## Exercise inputs
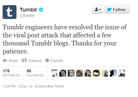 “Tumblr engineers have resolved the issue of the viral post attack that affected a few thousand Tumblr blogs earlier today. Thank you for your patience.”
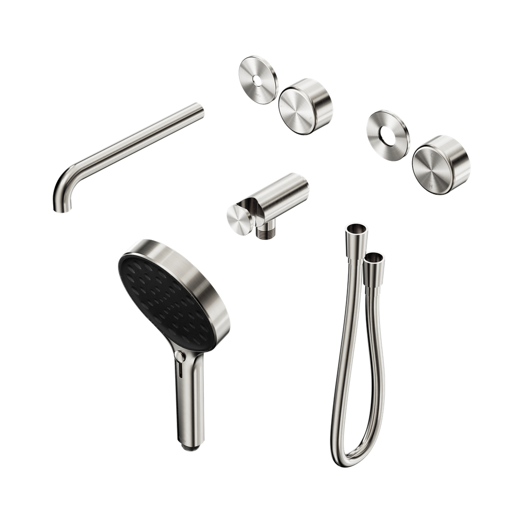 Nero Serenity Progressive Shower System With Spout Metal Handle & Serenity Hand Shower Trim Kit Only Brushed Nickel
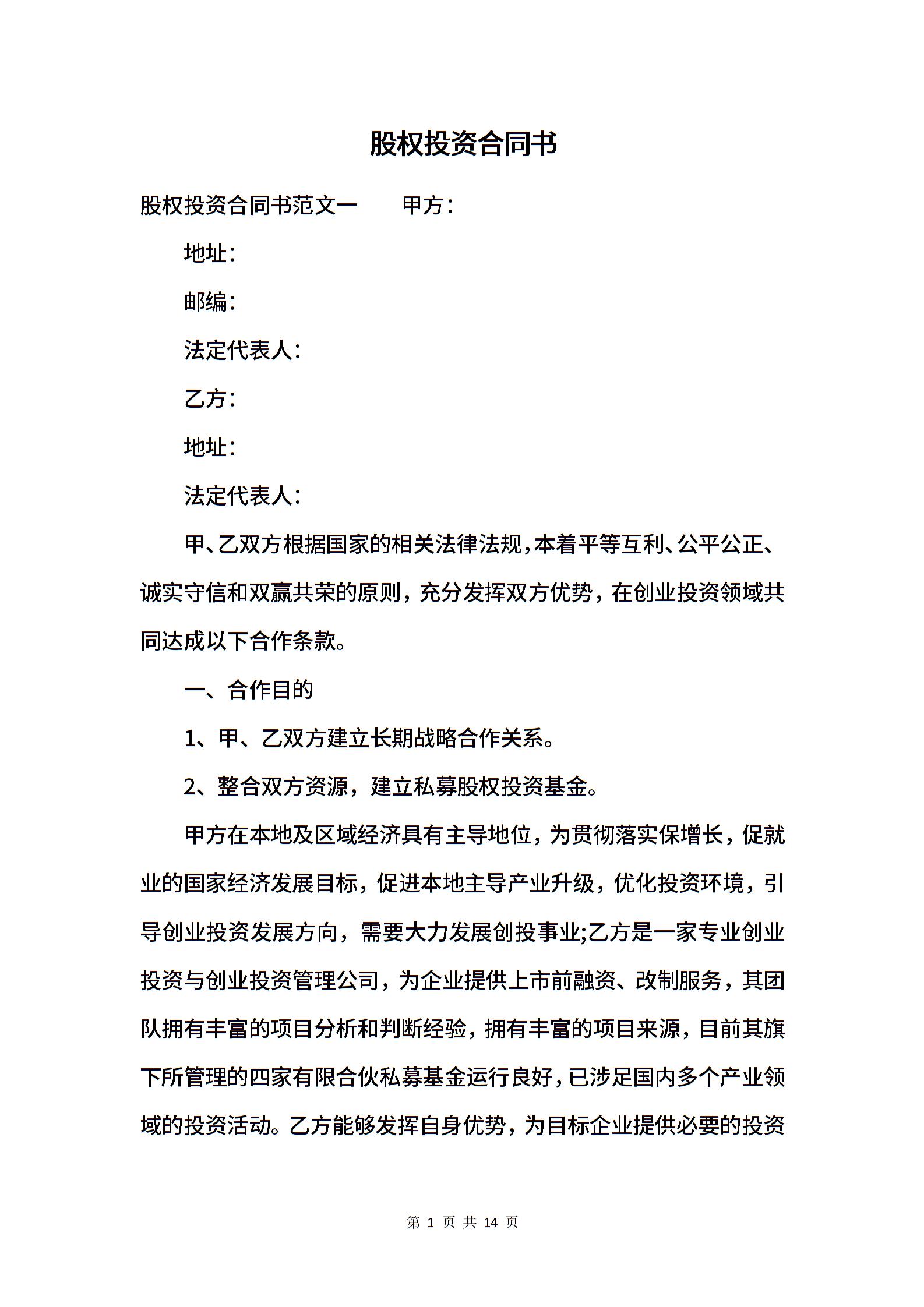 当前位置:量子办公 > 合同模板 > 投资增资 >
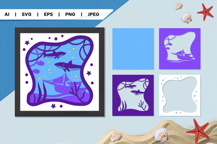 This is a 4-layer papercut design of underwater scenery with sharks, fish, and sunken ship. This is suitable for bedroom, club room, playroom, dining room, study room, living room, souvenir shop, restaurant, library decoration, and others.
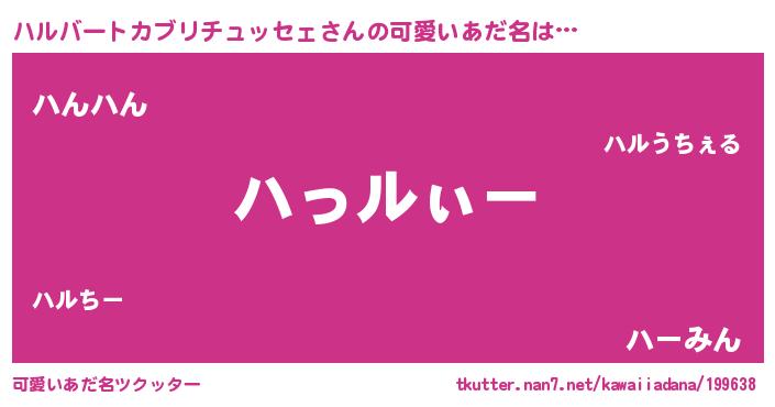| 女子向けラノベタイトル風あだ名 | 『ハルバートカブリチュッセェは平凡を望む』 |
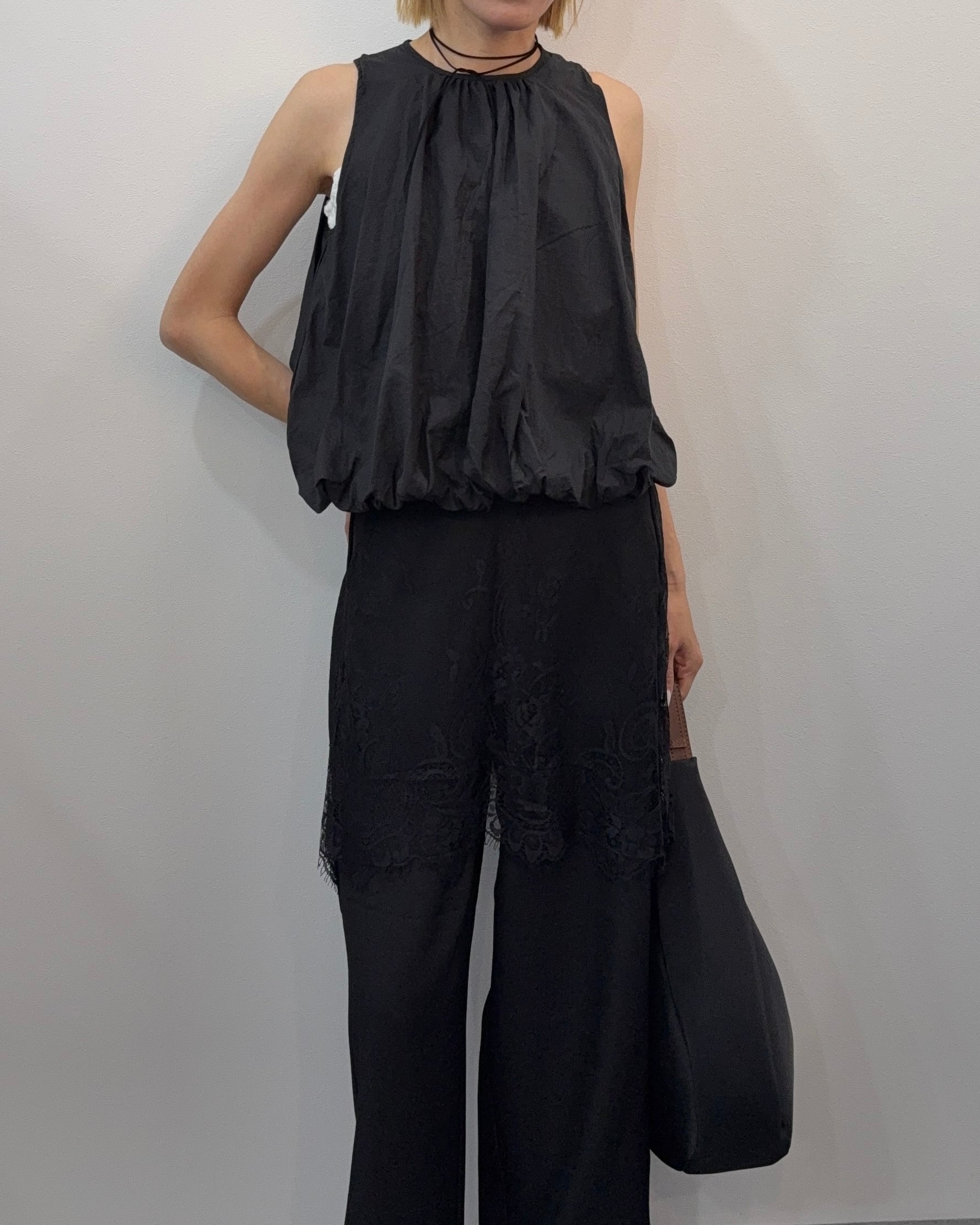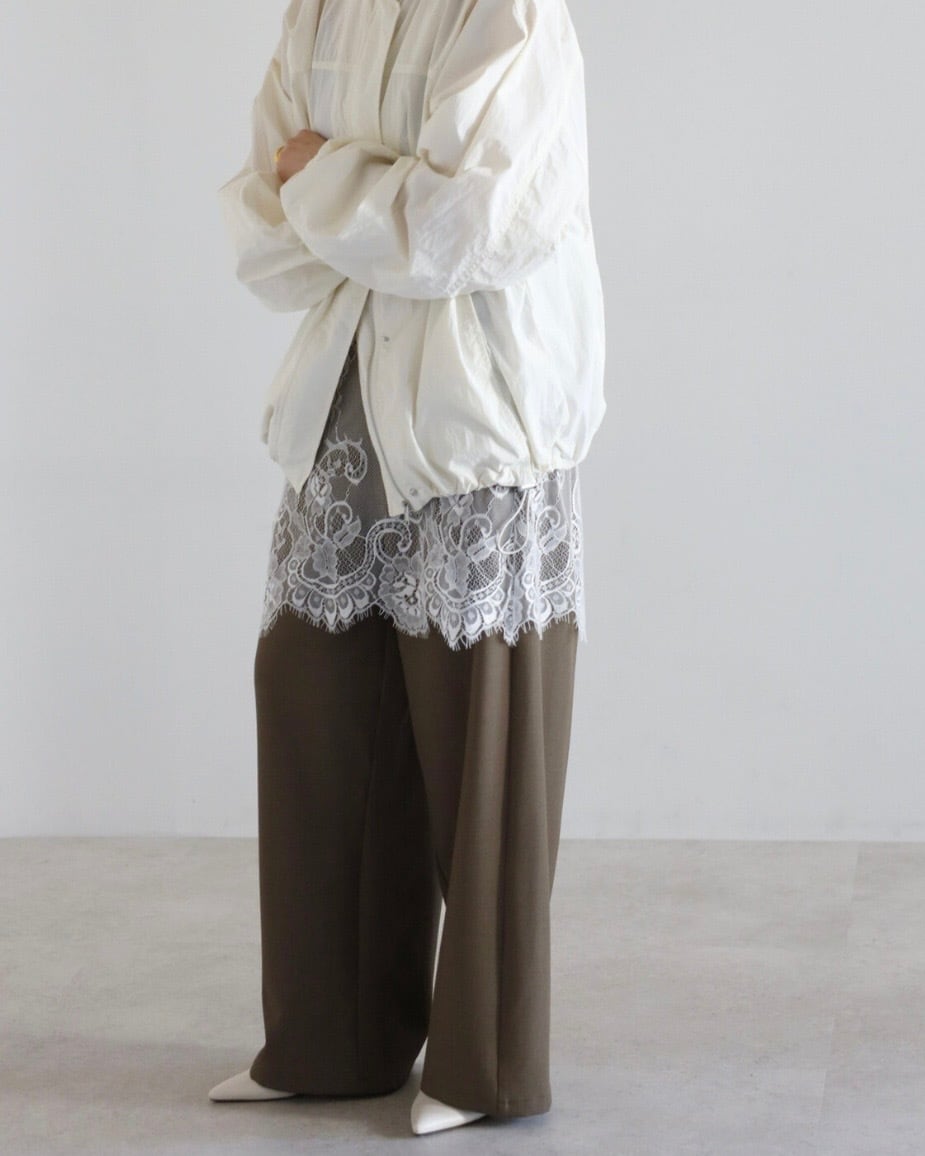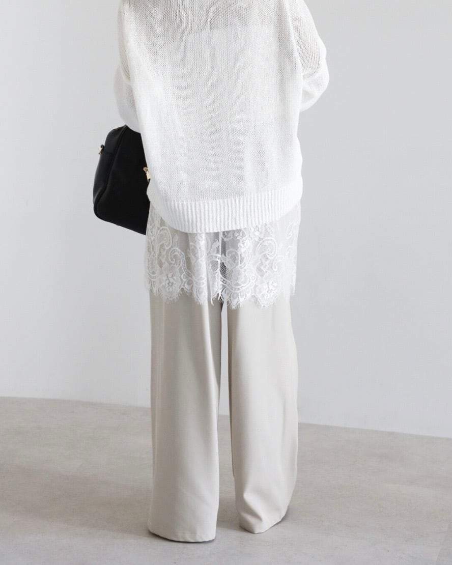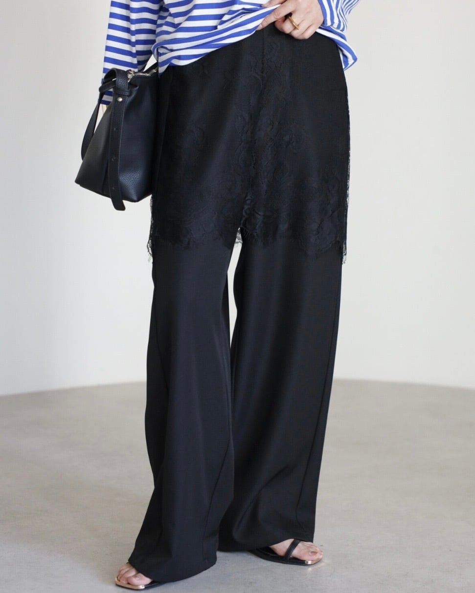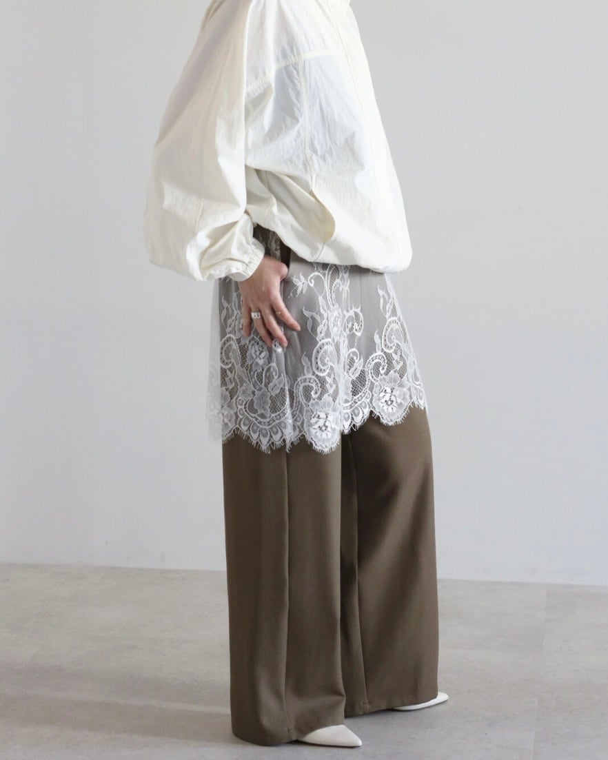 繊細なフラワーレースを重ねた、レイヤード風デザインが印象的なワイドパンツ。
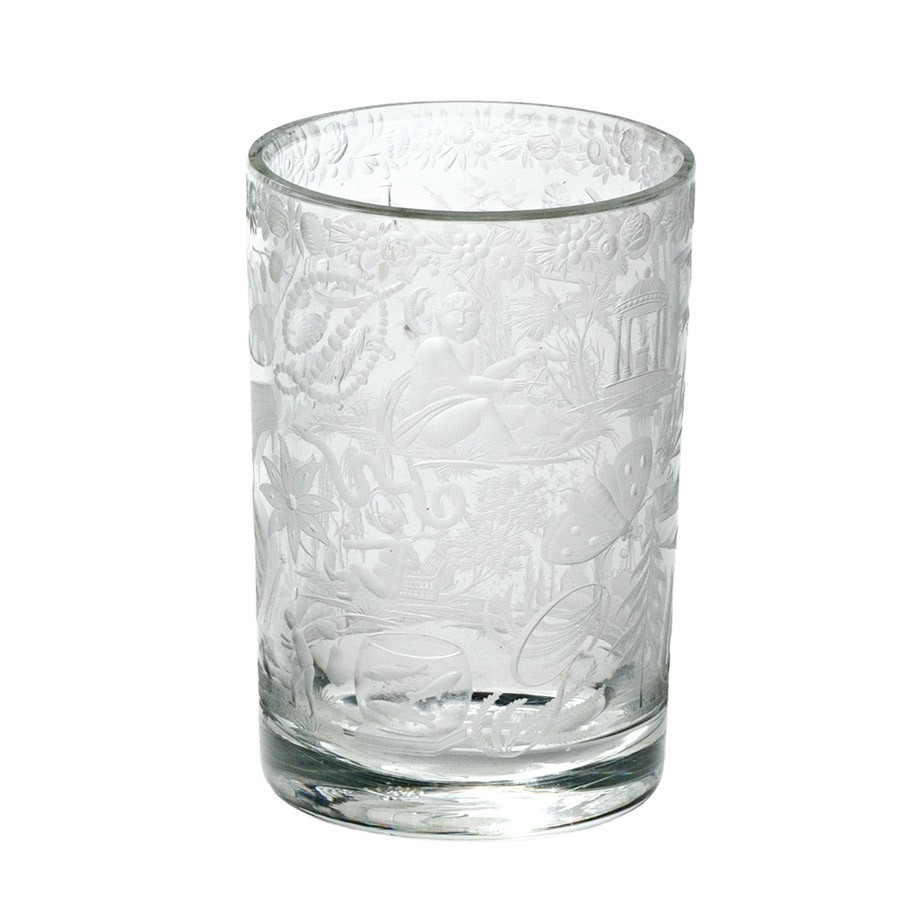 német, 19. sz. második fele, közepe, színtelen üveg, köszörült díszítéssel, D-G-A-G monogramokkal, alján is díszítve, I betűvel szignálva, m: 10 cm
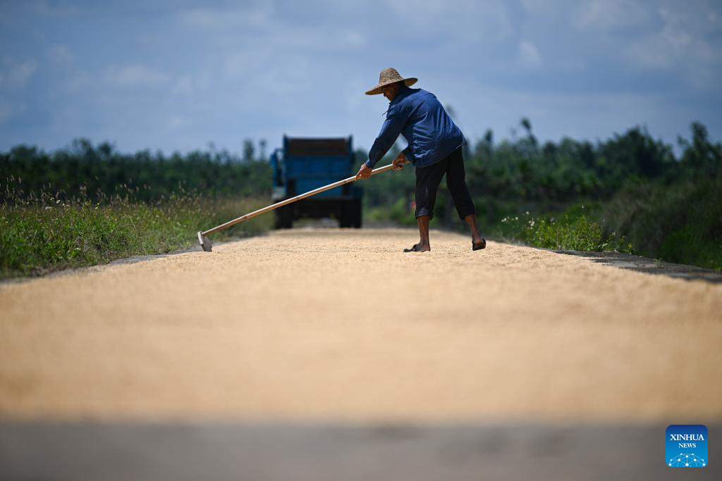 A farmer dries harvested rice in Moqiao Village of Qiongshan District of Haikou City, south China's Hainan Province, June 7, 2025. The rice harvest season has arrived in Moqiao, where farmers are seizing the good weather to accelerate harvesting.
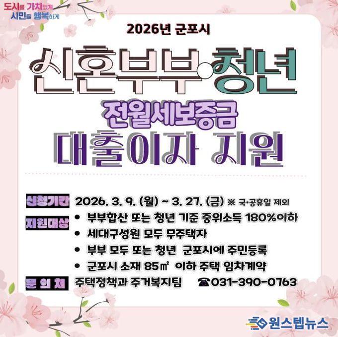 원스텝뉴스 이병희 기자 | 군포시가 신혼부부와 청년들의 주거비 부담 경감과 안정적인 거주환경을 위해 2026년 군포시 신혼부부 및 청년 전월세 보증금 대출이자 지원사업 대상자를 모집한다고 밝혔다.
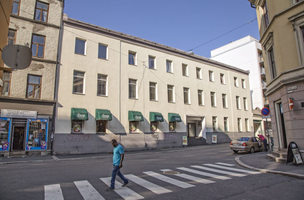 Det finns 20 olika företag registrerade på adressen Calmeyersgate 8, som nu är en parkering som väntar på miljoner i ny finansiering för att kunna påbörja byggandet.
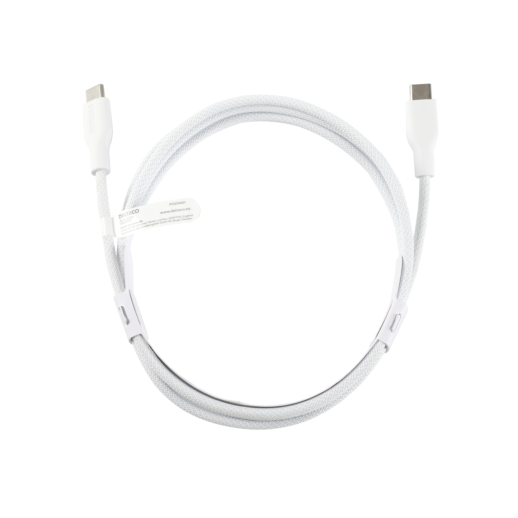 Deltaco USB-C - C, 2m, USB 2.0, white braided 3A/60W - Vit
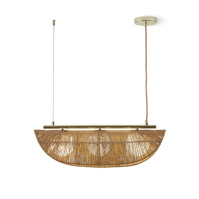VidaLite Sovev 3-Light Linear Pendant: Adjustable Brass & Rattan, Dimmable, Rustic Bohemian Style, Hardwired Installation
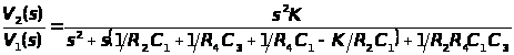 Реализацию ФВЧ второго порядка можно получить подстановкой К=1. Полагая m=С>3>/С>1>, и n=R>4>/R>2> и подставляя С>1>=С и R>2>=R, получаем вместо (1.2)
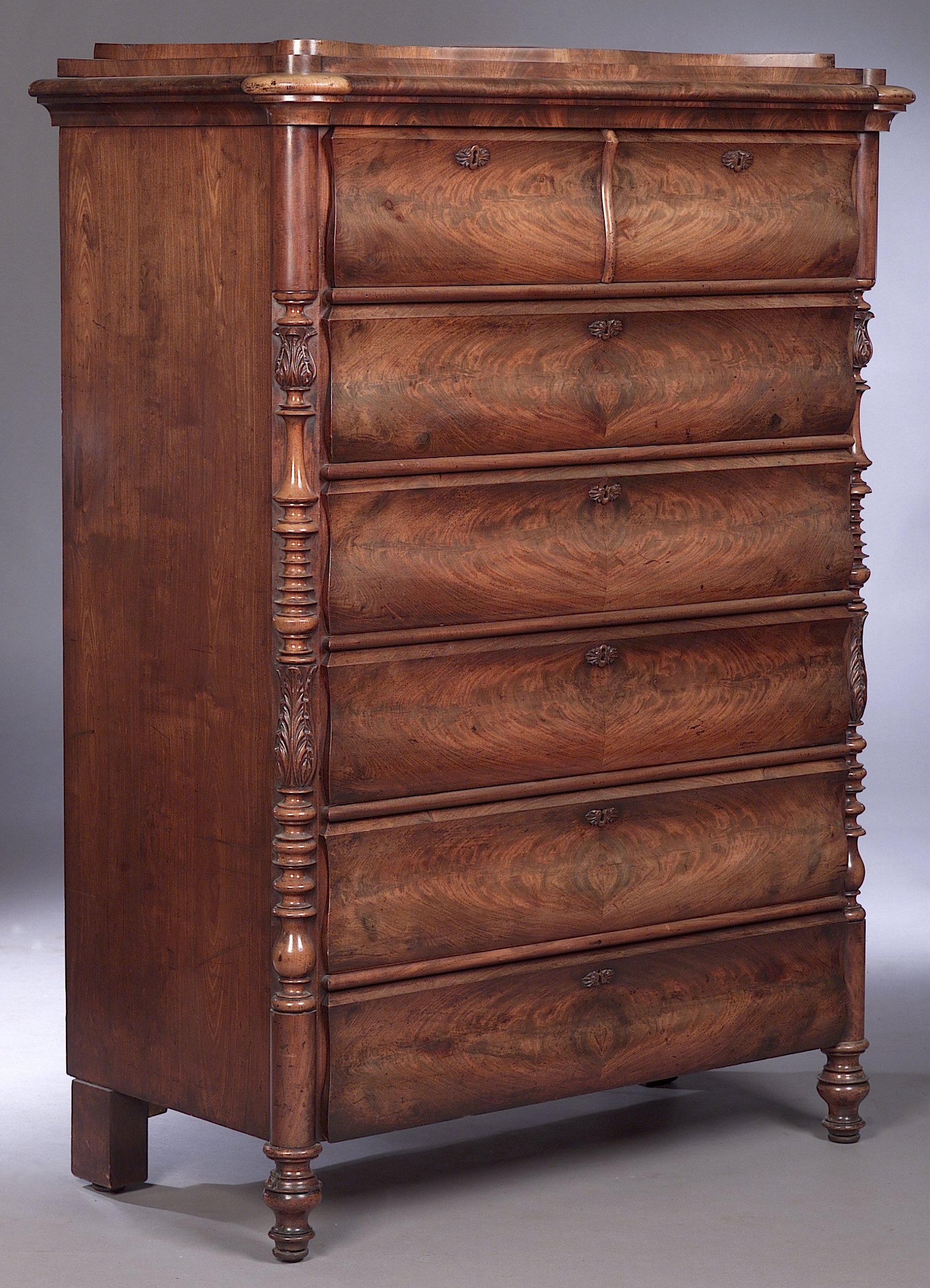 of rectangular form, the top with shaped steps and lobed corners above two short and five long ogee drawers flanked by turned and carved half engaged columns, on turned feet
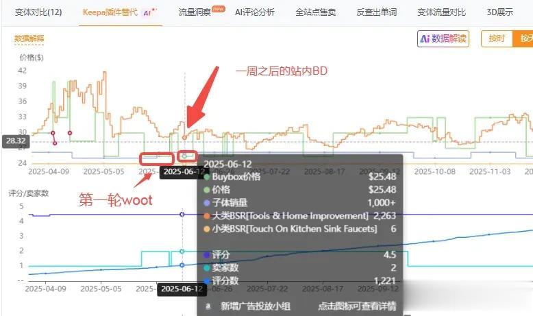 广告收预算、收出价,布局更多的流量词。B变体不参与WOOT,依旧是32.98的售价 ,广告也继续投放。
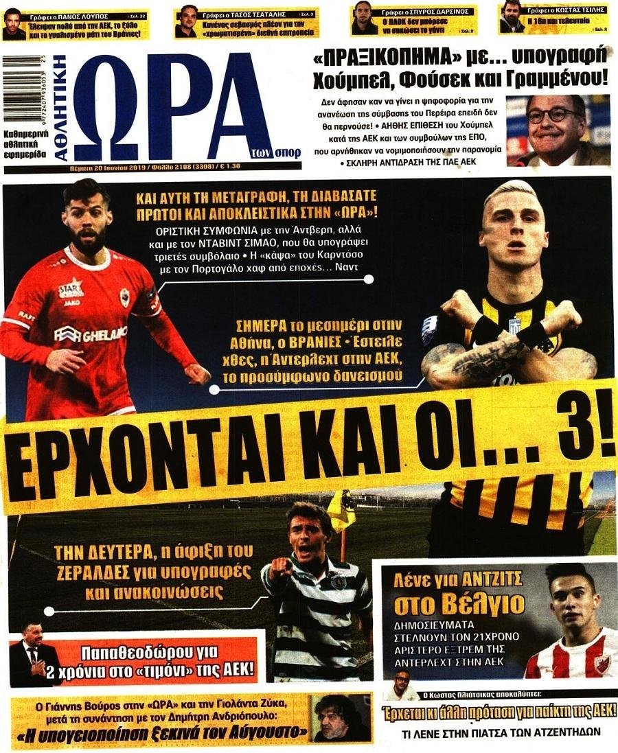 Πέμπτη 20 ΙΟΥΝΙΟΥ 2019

## Assigned task
What you write should match, word for word, the lines from the one containing "VidaLite Sovev 3-Light" to the end of the listing, with both ends kept and the pictures left out.

## Task answer
VidaLite Sovev 3-Light Linear Pendant: Adjustable Brass & Rattan, Dimmable, Rustic Bohemian Style, Hardwired Installation
 Реализацию ФВЧ второго порядка можно получить подстановкой К=1. Полагая m=С>3>/С>1>, и n=R>4>/R>2> и подставляя С>1>=С и R>2>=R, получаем вместо (1.2)
 of rectangular form, the top with shaped steps and lobed corners above two short and five long ogee drawers flanked by turned and carved half engaged columns, on turned feet
 广告收预算、收出价,布局更多的流量词。B变体不参与WOOT,依旧是32.98的售价 ,广告也继续投放。
 Πέμπτη 20 ΙΟΥΝΙΟΥ 2019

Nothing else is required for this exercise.